童枝兒未曾想,大伯父竟然如此的好口才!
不過想想也是,他都能在莊稼活上「安逸偷懶」,且不叫童老爺子發現,自然是有本事的。
這話果然說的童知信心中大震,咬牙便道:「大哥放心,我一定不會眼睜睜的看着大侄子受苦。」
「四弟……」
眼瞧着童知信從懷裏就要掏出銀子來,大伯童知明和大伯母林氏都有些緊張起來,不由自主的咽了咽口水,眼睛眨也不眨的盯着童知信。
童枝兒心中急切,她該怎麼辦呢?直接說這是大伯父和大伯母設計的騙局,爹和娘未必會相信她,說不定還會以為這是她心疼銀子胡謅的,倒時候怕會在他們心裏落個只愛銀子的壞印象。
不能慌,絕對不能慌。
童枝兒握緊拳頭,在心裏對自己說一定要鎮定。
既然大伯母已經與大夫串通好了,那她只消再找一個大夫過來,便可將這場戲給戳破。
瞧了瞧一直沉默不語的二伯父童知德,童枝兒慢慢走了過去……
「哎呦————」就在童知信伸手要將掏銀子的時候,童枝兒忽然捂着肚子痛苦的悶哼起來。
「枝兒————」
童知信停住手裏的動作,方翠微也跑了過來,焦急的瞧着童枝兒,見她難受的厲害,嘴裏又不停的哀嚎,心中極是慌亂。
「枝兒,你別嚇唬娘啊,你這是怎麼了,啊?」
「……娘。」童枝兒咬着牙齒,卻是只能說出一個字來。從她嘴裏溢出的破碎音符,好似斷了線的珠子,啪啪的落在方翠微心上。

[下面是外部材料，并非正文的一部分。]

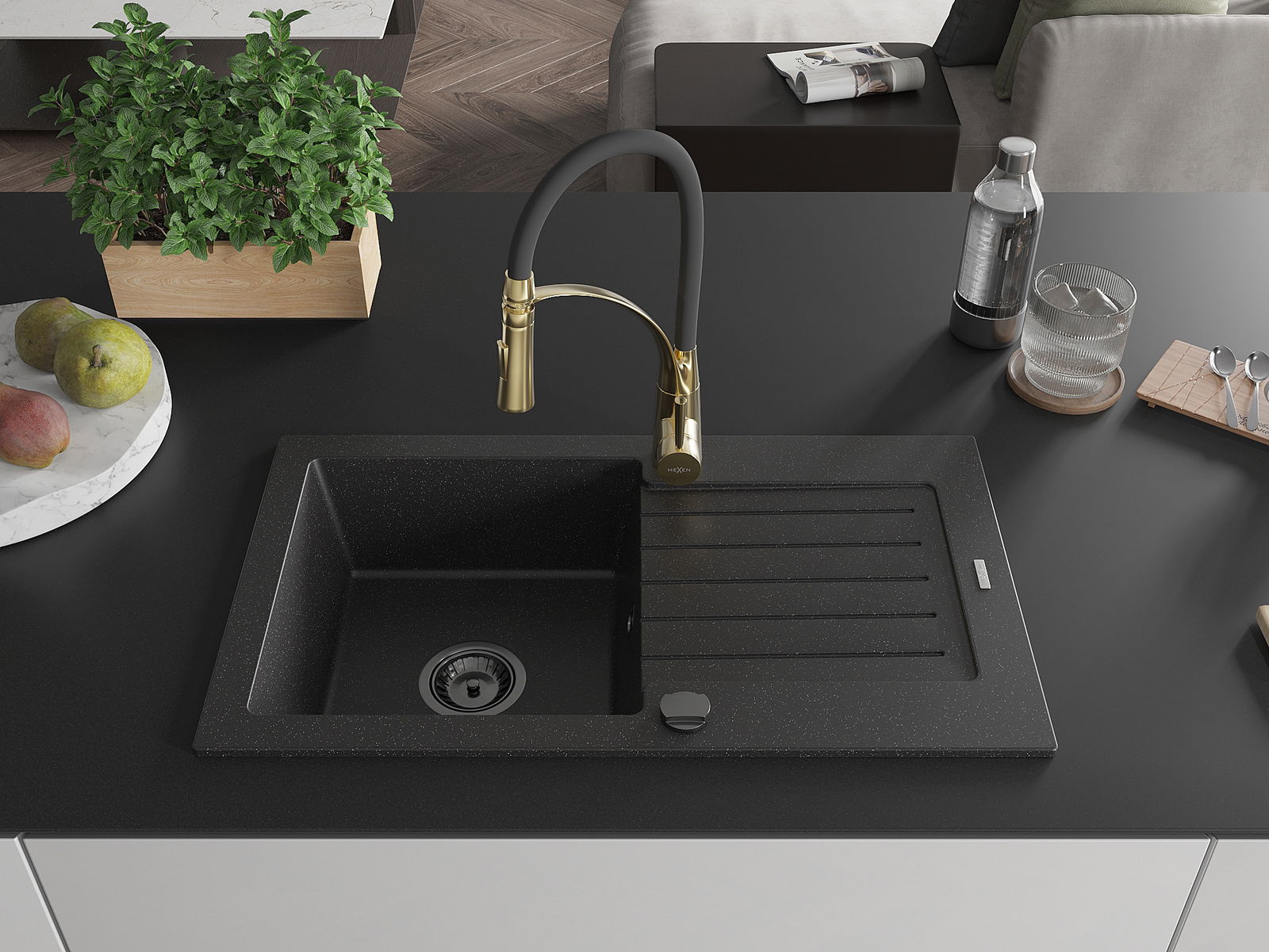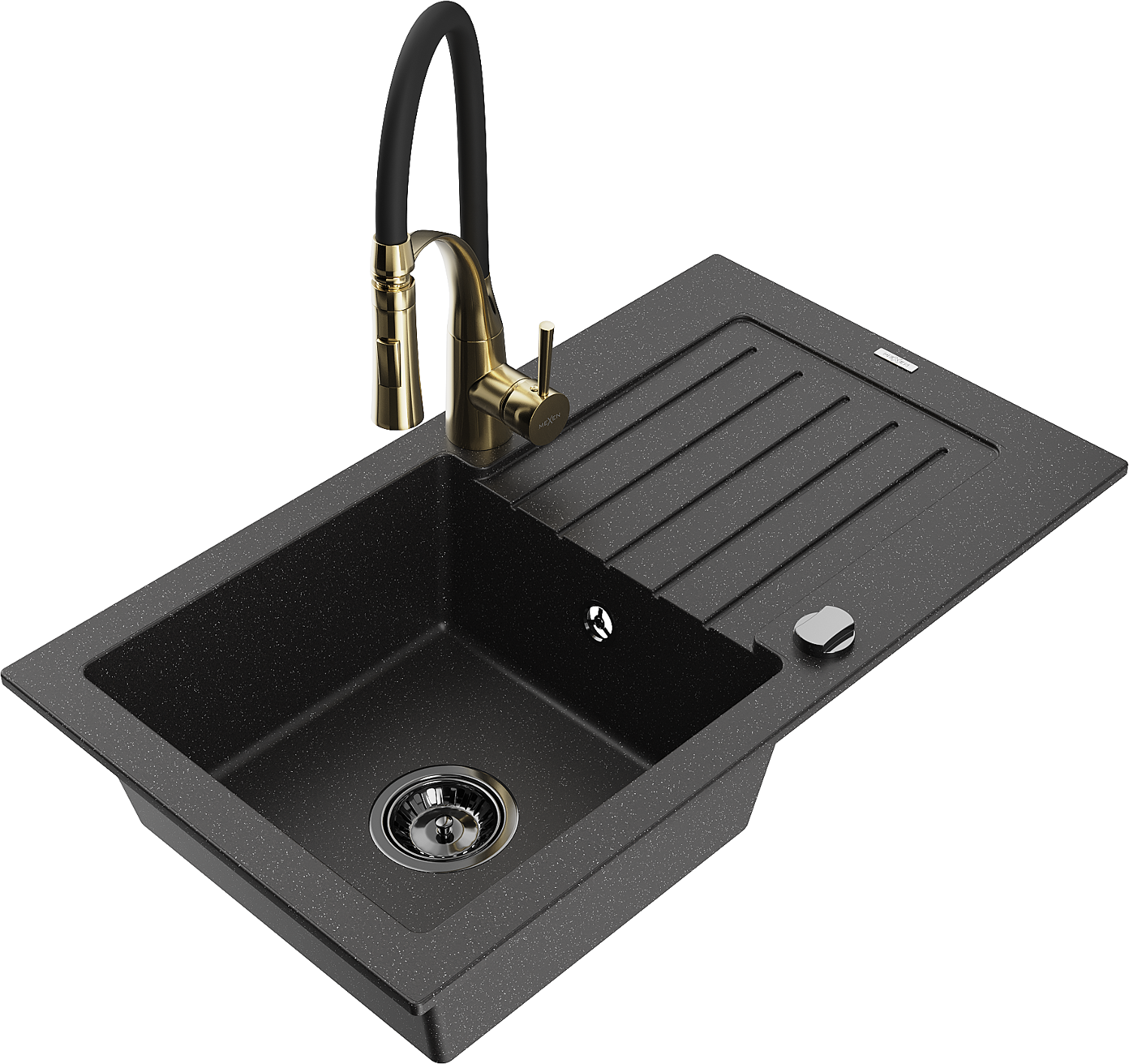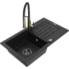 Mexen Pablo granieten gootsteen 1-komorige met afdruiprek en keukenkraan Aster, zwart/zilveren metallic - 6510-73-73450-57-B

童枝兒病過一場,險些沒能從那場病里熬過來。此番模樣,自是叫方翠微萬般擔憂。
童知信連忙扯了一旁的大夫過來,「大夫,你快給我閨女瞧瞧。」
大夫診脈間,童知明和林氏都有些嚇傻了,誰都沒注意,狹小的院子裏少了一個人。
童枝兒偷偷地掐着自己身上的肉,在心裏道:二伯,我能爭取的時間不多,你可一定要快點回來呀。
林氏恨恨的瞪着一臉痛苦的童枝兒,心道:差那麼一點點就要成功了,偏生在這個節骨眼上……
但是,無論如何林氏卻是無法在這個時候要童知信將銀子給交出來,畢竟,那可是人家的親生閨女發病。要是因此惹的他不快,只怕到手的銀子就要飛了。
「大夫,枝兒丫頭到底怎麼樣了?」林氏將眼中的憤怒收斂,焦急的問道。
大夫皺着眉,卻是沒說話。
他一臉凝重的模樣叫方翠微更是憂心,眼睛一紅,要不是緊緊地咬着牙齒,此刻怕是要哭出聲來的。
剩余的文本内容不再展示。